Considering the importance of tourism to the Egyptian economy, there are those who believe the MB's attempt to "Islamise" the industry will fail. One resort hotel owner told the same German newspaper that MB members are "intelligent, capitalistic people" who cannot dispense with tourism if they want to obtain and hold power. Millions of people also would take to the streets again, like last January, if their source of livelihood was endangered.
But this assessment does not take the power of ideology into account, and the willingness of ideologues to ruin countries and economies to realise their dogmatic beliefs. Iran is a good example. Even better examples are communist states, both current and former, that starved millions of their own people to death to set up their secular utopias. Rational, pragmatic thinking, as expressed by the hotel owner, plays no role among true believers, such as exist among the MB.
And neither does any feeling of humanitarianism. Like in Iran and in communist countries, it will be the ordinary people in Egypt who will go hungry and not the unfeeling religious good-thinkers and their families. The fact the proposed restrictions on tourism will affect the foreign currency supply that is used to buy wheat on world markets to feed Egypt's poor is a strong indication of this lack of concern.
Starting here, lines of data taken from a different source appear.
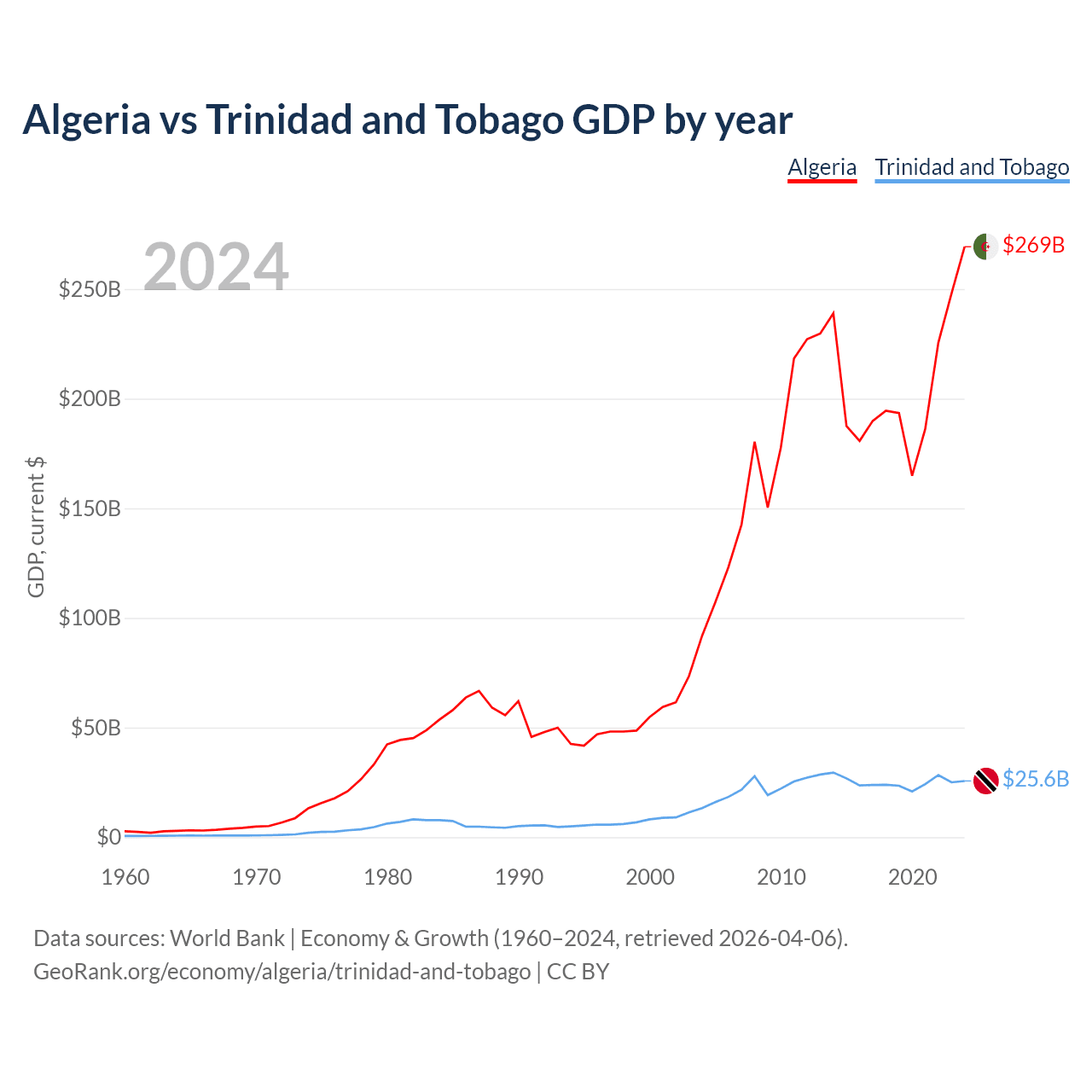 Algeria has a GDP of $269B compared to $25.6B for Trinidad and Tobago, ranking 51/197 and 115/197 by economy size, respectively.
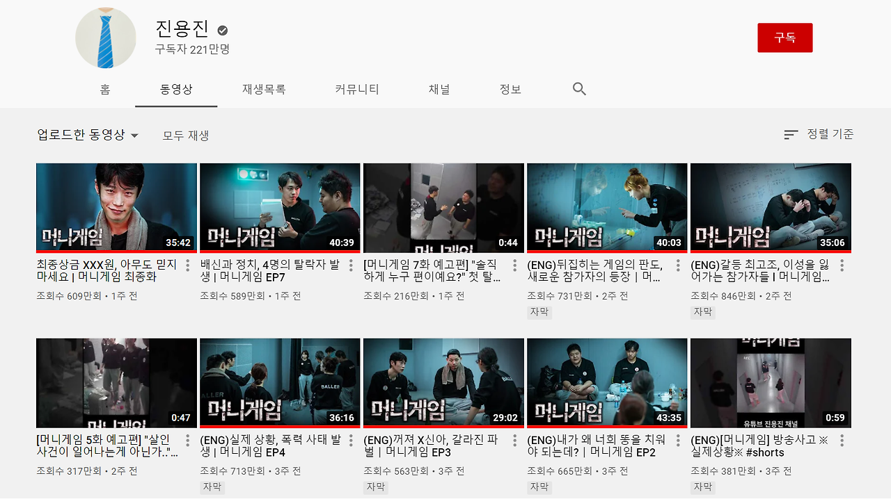 웹 예능 머니게임 (출처 : 유튜브 채널 '진용진') 총 8부작인 머니게임은 동명의 네이버 웹툰 작품을 소재로 촬영한 웹 예능 시리즈물이다. 돈이 절박한 사람들이 아무것도 없는 정체불명의 공간에 갇혀서 100일 동안 생존게임을 벌인다. 최후에 남은 사람은 총 상금 448억 원을 차지한다. 살아남는 데 필요한 물건은 각자의 방 안에서 인터폰을 통해 주문할 수 있다. 단, 물건의 가격은 무려 바깥세상의 1,000배에 달한다. 생활용품을 구입한 만큼 총상금에서 차감한다. 돈을 적게 쓸수록 많은 금액을 챙길 수 있다. 유튜브 버전은 참가자 8명이 총 상금 4억 8천만 원을 걸고 14일 동안 생존하는 내용이다. 물가는 100배를 적용한다. 마지막까지 쉽게 버틸 수 있을 것 같지만 생각만큼 간단하지 않다.
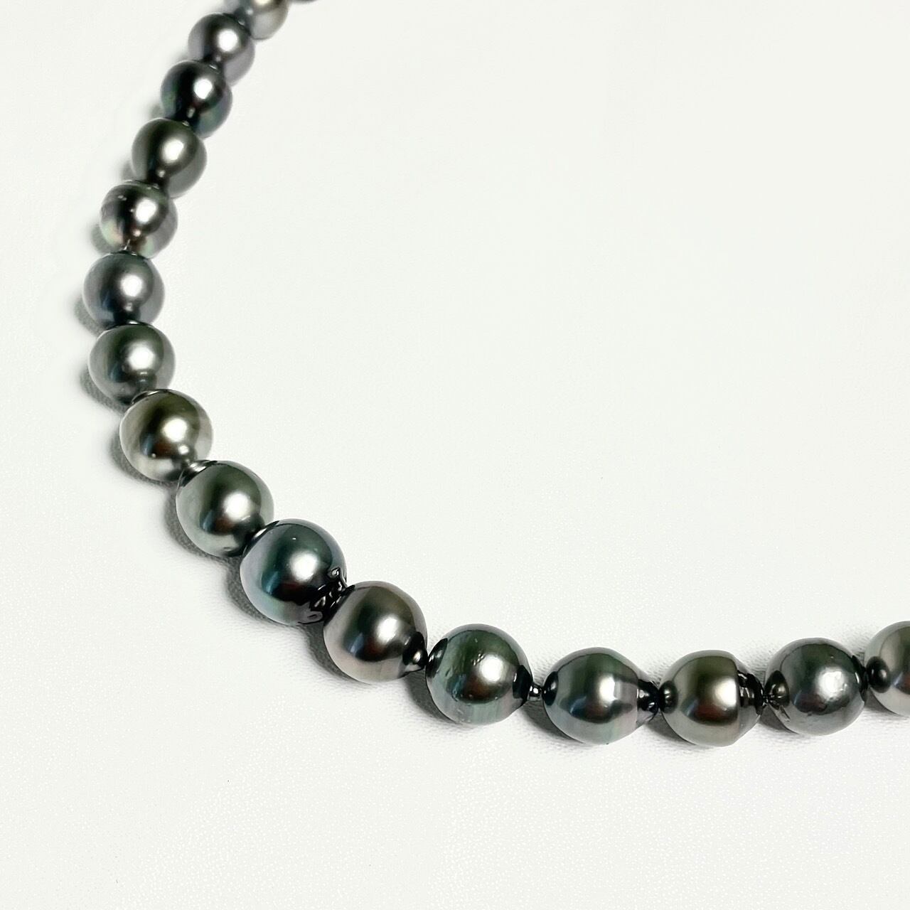 この黒蝶真珠ネックレスは、深い色合いを持つピーコックグリーンが特徴で、肌に洗練された輝きを与える美しさが際立ちます。
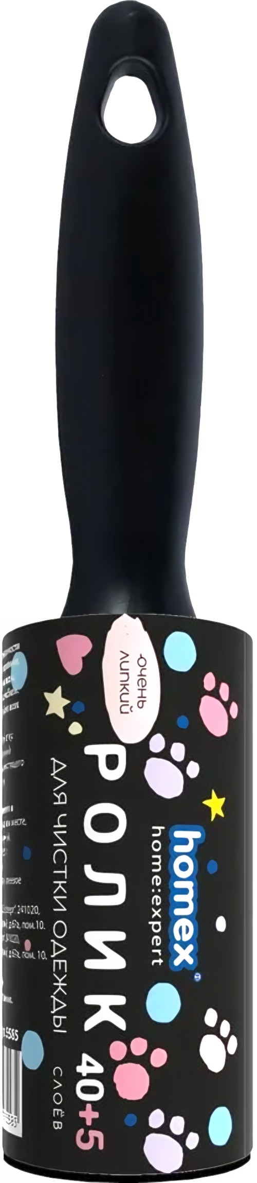Роллер для чистки одежды HOMEX (Хомекс) "Очень липкий" убирает ворсинки, нитки, пух, шерсть животных, мелкие крошки и обрывки бумаги.
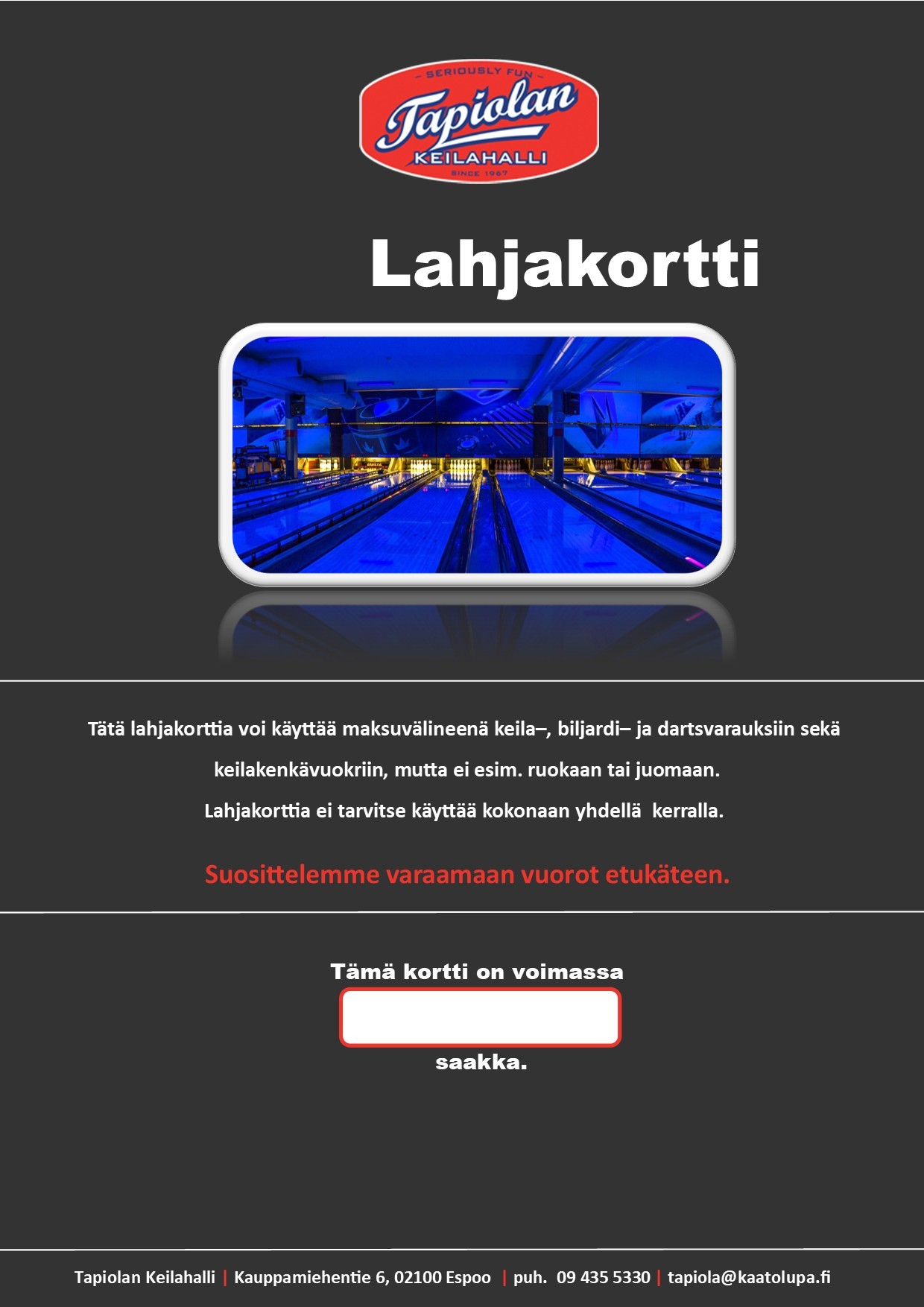 Voit valita mieleisesi summan lahjakortille (20-500 € välillä), ja lahjakortti toimitetaan heti suoraan sähköpostiisi tyylikkäänä PDF-tiedostona, jonka voit lähettää edelleen haluamallesi lahjakortin saajalle sähköisesti tai tulostaa paperille. Halutessasi voit ottaa lahjakortista kuvakaappauksen ja lähettää sen vaikkapa WhatsAppilla ystävällesi tai päivänsankarille, joka pääsee sitten nauttimaan keilahallimme tarjoamista elämyksistä.
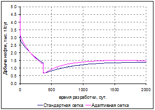 Рисунок 5 - Динамика среднесуточного дебита для двух вариантов разработки. В четвертом разделе проанализированы подходы к выбору технологии и методу воздействия на остаточные запасы путем ГТМ и МУН, осуществлено практическое внедрение разработанного комплексного подхода для адаптации разработки Харампурского и Фестивального месторождений. Сложность геологии объекта (наличие тектонических нарушений, разломно - блоковое строение, характерное для юрских отложений Пуровского района) является основным фактором, играющим первостепенную роль при выборе стратегии разработки и влияющим на ее эффективность в дальнейшем. Присутствие обширной сети разломов на месторождении приводит к необходимости введения "рамок", ограничивающих внедрение систем размещения проектных скважин. В частности, равномерные рядные системы с геометрически равномерным расположением сетки скважин в каждый выделенный сетью разломов блок залежи, обеспечивают различным количеством добывающих и нагнетательных скважин, что в свою очередь приводит к неравномерному их соотношению и невозможности поддержания проектного уровня компенсации в одном блоке, либо его превышению в другом блоке. Дисбаланс и последующая потеря первоначальной энергетики юрских пластов приводит в дальнейшем к трудно восполнимым потерям углеводородного сырья. В частности, на примере газовых сеноманских залежей Западно-Таркосалинского и Ямбургского месторождений установлена связь абсолютно свободного дебита с расстоянием до тектонической зоны. Доказано, что степень воздействия тектонической зоны на продуктивность скважин для сеноманских отложений поддается количественной оценке: приразломная часть характеризуется резким увеличением продуктивности в 2-4 раза, в сравнении со скважинами, находящимися на расстоянии более 2 км от разлома. В четвертом разделе выявлена степень влияния разломов осадочного чехла, связанных с оперяющими системами кулисных сбросов (взбросов) горизонтальных сдвигов фундамента, на эффективность работы скважин. Чем ближе забой скважины пласта Ю1 Харампурского месторождения расположен к разлому (1-1,5 км), тем выше фильтационно-емкостные характеристики (ФЕС) в данном районе и выше безводная добыча (от 72 до 40 тыс.т./скв). На расстоянии 1,7-2,2 км от разлома, безводная добыча скважин кратно ниже от 19,5 до 4,9 тыс.т./скв. Приразломная зона (1-1,5км) характеризуется повышенными ФЕС, более высокими значениями коэффициентов нефтенасыщенности, и, как следствие, лучшими параметрами эффективности эксплуатации скважин (безводная добыча нефти, средние и удельные дебиты нефти и жидкости). С расстояния 2,2 км и более - параметры работы скважин ухудшаются (рисунок 6). На основе выявленной зависимости получено итоговое уравнение, дающее возможность прогнозирования расчетной продуктивности проектных скважин, расположенных вблизи разломов сдвигового типа: Qбд(L)=11071e-3.6153 L , (1) где: Qбд – безводная добыча нефти на 1 скважину, тыс.т/скв. L – расстояние забоя скважины до тектонического нарушения сдвигового типа, км
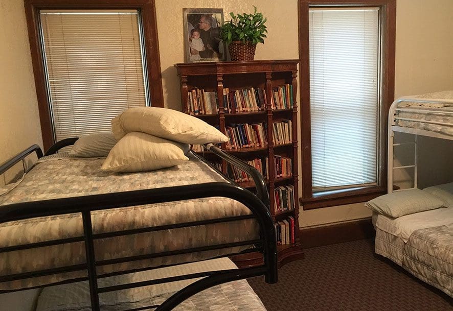 However, the building can sleep 14 people in beds. Fr. Shields said it has held as many as 30 people during college groups with people sleeping on the floor.
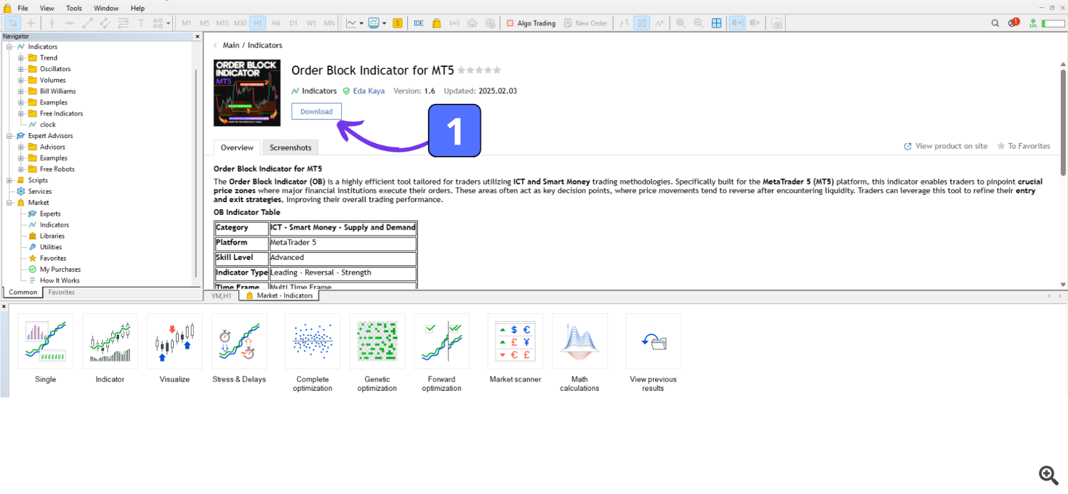 4. Click on the indicator to open its download page, where you’ll find detailed information about its features and functionality.

The wheat price has doubled in the last year and Egypt, the largest wheat importer in the world, is already facing a large hunger problem without Islamist interference in one of its major foreign revenue generators.
One observer writes that "Islamists have never been enamoured of foreign tourism." So it is not surprising that this area is one of the first, in which the MB publicly showed its true Islamist colors after last January's revolution. Confrontation, even war, with Israel and the persecution and possible expulsion from Egypt of millions of Christians and moderate Muslims will also most likely follow. As for Egypt's struggling tourism industry, if the MB does attain political power in November, which appears most likely, it can at least help out by opening burqa-renting businesses on resort beaches.